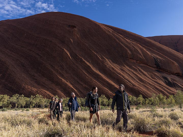 What time does the trip commence and conclude: We recommend spending the night before the walk departure in the township of Yulara at Ayers Rock Resort. This allows extra time for you to unwind, explore the area, and prepare for your adventure. If you're not sure where to stay, contact us for accommodation recommendations. On the morning of your walk, we ask that you be ready at 8:45am for guest pick-ups from Ayers Rock Resort, including Outback Hotel, Sails in the Desert, The Lost Camel Hotel, Emu Walk Apartments and Desert Gardens Hotel. Please allow a 15-min window for pick-ups.
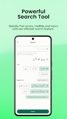 'Easy Quran Wa Hadees' ایک انتہائی طاقتور اور ذہین سرچ فنکشن سے آراستہ ہے، جو آپ کو قرآن و حدیث کے وسیع مواد میں کسی بھی موضوع یا مطلوبہ معلومات کو لمحوں میں تلاش کرنے کی سہولت دیتا ہے۔ چاہے آپ کسی خاص آیت، حدیث، یا کسی فقہی مسئلے کے بارے میں جاننا چاہیں، یہ فیچر آپ کی رسائی کو فوری اور مؤثر بناتا ہے۔ یہ ایپ اپنے جامع مواد اور صارف دوست انٹرفیس کے ساتھ، آپ کے علمی و روحانی سفر کو روشن اور آسان بنانے کے لیے تیار کی گئی ہے۔
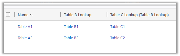To get the Table C name, perform a Lookup on Table B, where Table B GUID is equal to Table A’s Table B lookup field, and then fetch the Table C Lookup’s name from Table B.
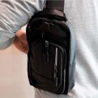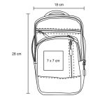 Bolsa de hombro de 4 compartimentos. 1 compartimento principal con bolsa en el respaldo, 3 compartimentos frontales, asa superior y correa ajustable.
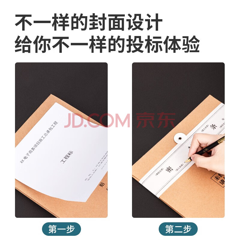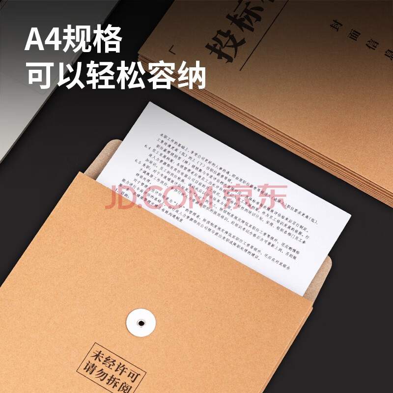 商品相册:得力(deli)20只投标专用A4混浆牛皮纸档案袋 250g加厚款/侧宽4cm合同标书资料袋文件报告票据凭证保护 33415第1张/共6
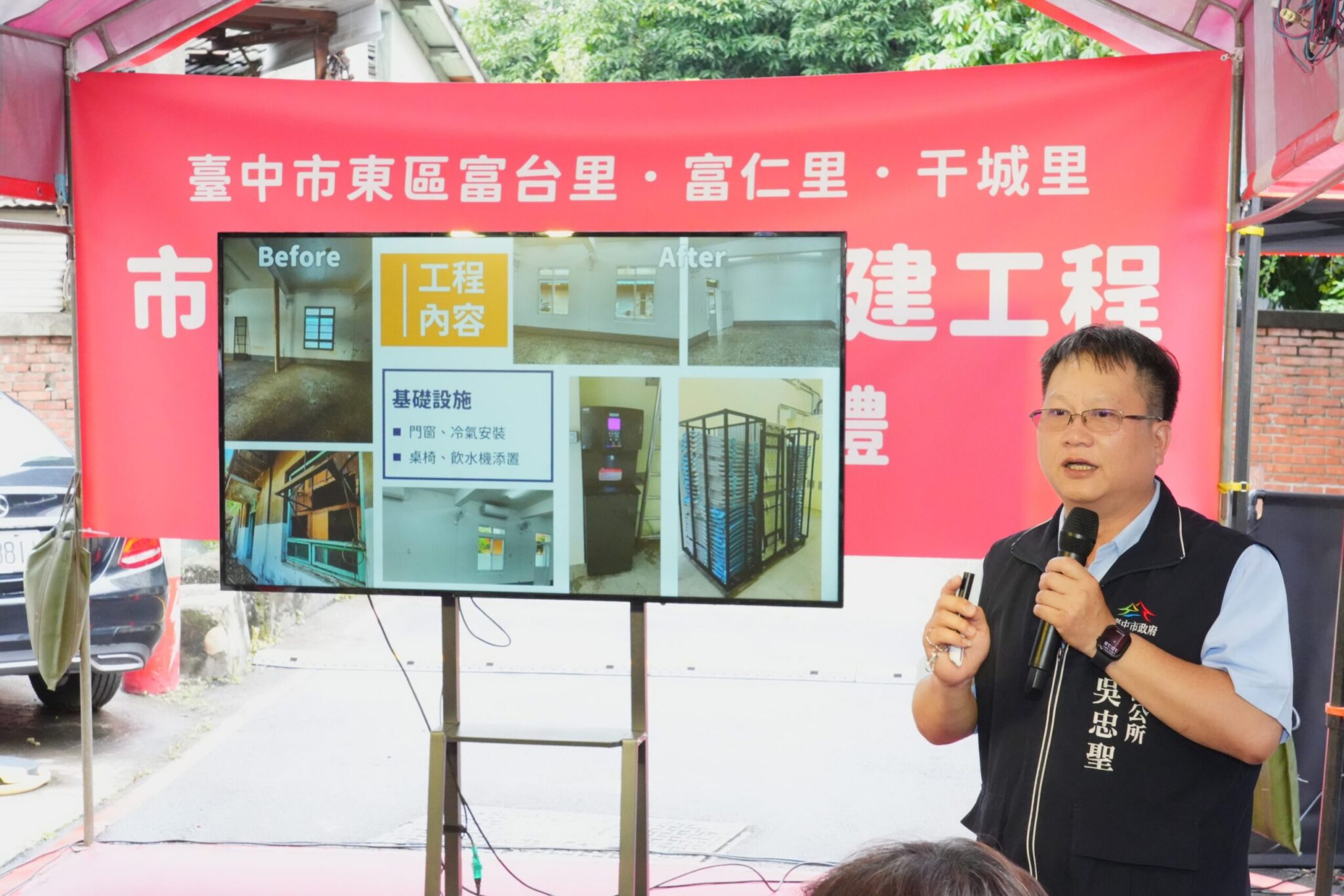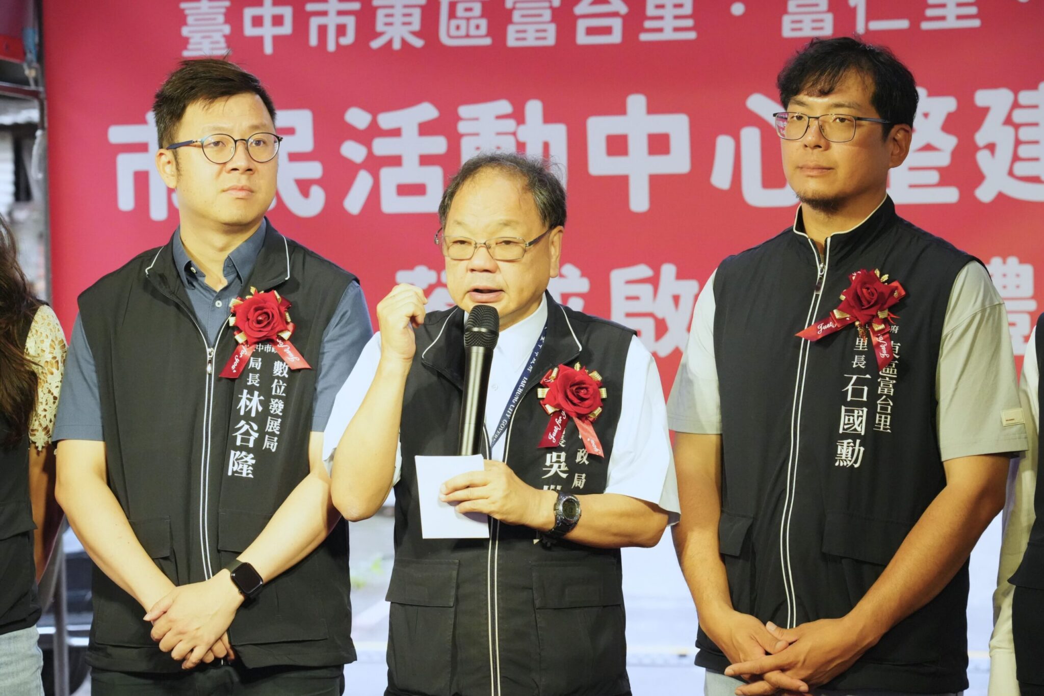 東區區公所說明,市府近年積極推動東區各項建設,除今日啟用的東區富台、富仁、干城里市民活動中心外,振興里市民活動中心也於今年1月啟用。交通方面,大智路打通、建成地下道填平、立德地下停車場及泉源糖廠停車場啟用,紓解地方交通瓶頸及停車需求;另台中公園一期好宅及恊園好宅已啟用,台中公園二期好宅及干城好宅持續推進中,其他重大建設包括東信派出所、樂業國小附設幼兒園校舍等,皆已陸續完工,逐步帶動地方發展,打造更友善、宜居的幸福城市。
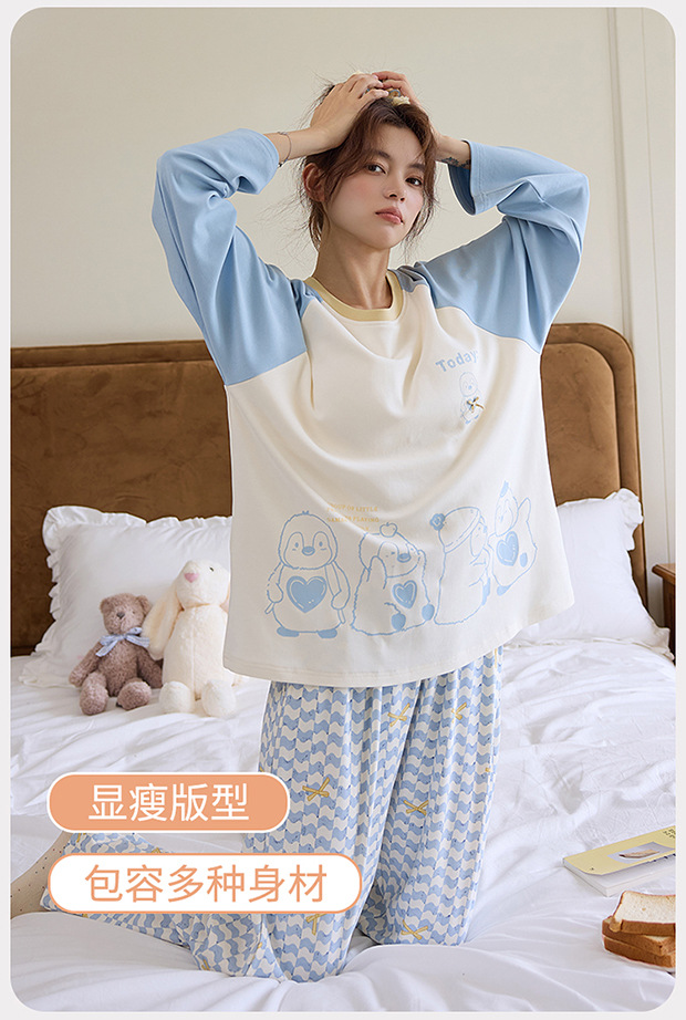 2025新款带胸垫睡衣女士套头长袖卡通可爱春秋季两件套装冬家居服 商品图4

• _Assigned task_: Copy every record exactly, but skip the pictures.

• _Output of the task_:
 What time does the trip commence and conclude: We recommend spending the night before the walk departure in the township of Yulara at Ayers Rock Resort. This allows extra time for you to unwind, explore the area, and prepare for your adventure. If you're not sure where to stay, contact us for accommodation recommendations. On the morning of your walk, we ask that you be ready at 8:45am for guest pick-ups from Ayers Rock Resort, including Outback Hotel, Sails in the Desert, The Lost Camel Hotel, Emu Walk Apartments and Desert Gardens Hotel. Please allow a 15-min window for pick-ups.
 'Easy Quran Wa Hadees' ایک انتہائی طاقتور اور ذہین سرچ فنکشن سے آراستہ ہے، جو آپ کو قرآن و حدیث کے وسیع مواد میں کسی بھی موضوع یا مطلوبہ معلومات کو لمحوں میں تلاش کرنے کی سہولت دیتا ہے۔ چاہے آپ کسی خاص آیت، حدیث، یا کسی فقہی مسئلے کے بارے میں جاننا چاہیں، یہ فیچر آپ کی رسائی کو فوری اور مؤثر بناتا ہے۔ یہ ایپ اپنے جامع مواد اور صارف دوست انٹرفیس کے ساتھ، آپ کے علمی و روحانی سفر کو روشن اور آسان بنانے کے لیے تیار کی گئی ہے۔
To get the Table C name, perform a Lookup on Table B, where Table B GUID is equal to Table A’s Table B lookup field, and then fetch the Table C Lookup’s name from Table B.
 Bolsa de hombro de 4 compartimentos. 1 compartimento principal con bolsa en el respaldo, 3 compartimentos frontales, asa superior y correa ajustable.
 商品相册:得力(deli)20只投标专用A4混浆牛皮纸档案袋 250g加厚款/侧宽4cm合同标书资料袋文件报告票据凭证保护 33415第1张/共6
 東區區公所說明,市府近年積極推動東區各項建設,除今日啟用的東區富台、富仁、干城里市民活動中心外,振興里市民活動中心也於今年1月啟用。交通方面,大智路打通、建成地下道填平、立德地下停車場及泉源糖廠停車場啟用,紓解地方交通瓶頸及停車需求;另台中公園一期好宅及恊園好宅已啟用,台中公園二期好宅及干城好宅持續推進中,其他重大建設包括東信派出所、樂業國小附設幼兒園校舍等,皆已陸續完工,逐步帶動地方發展,打造更友善、宜居的幸福城市。
 2025新款带胸垫睡衣女士套头长袖卡通可爱春秋季两件套装冬家居服 商品图4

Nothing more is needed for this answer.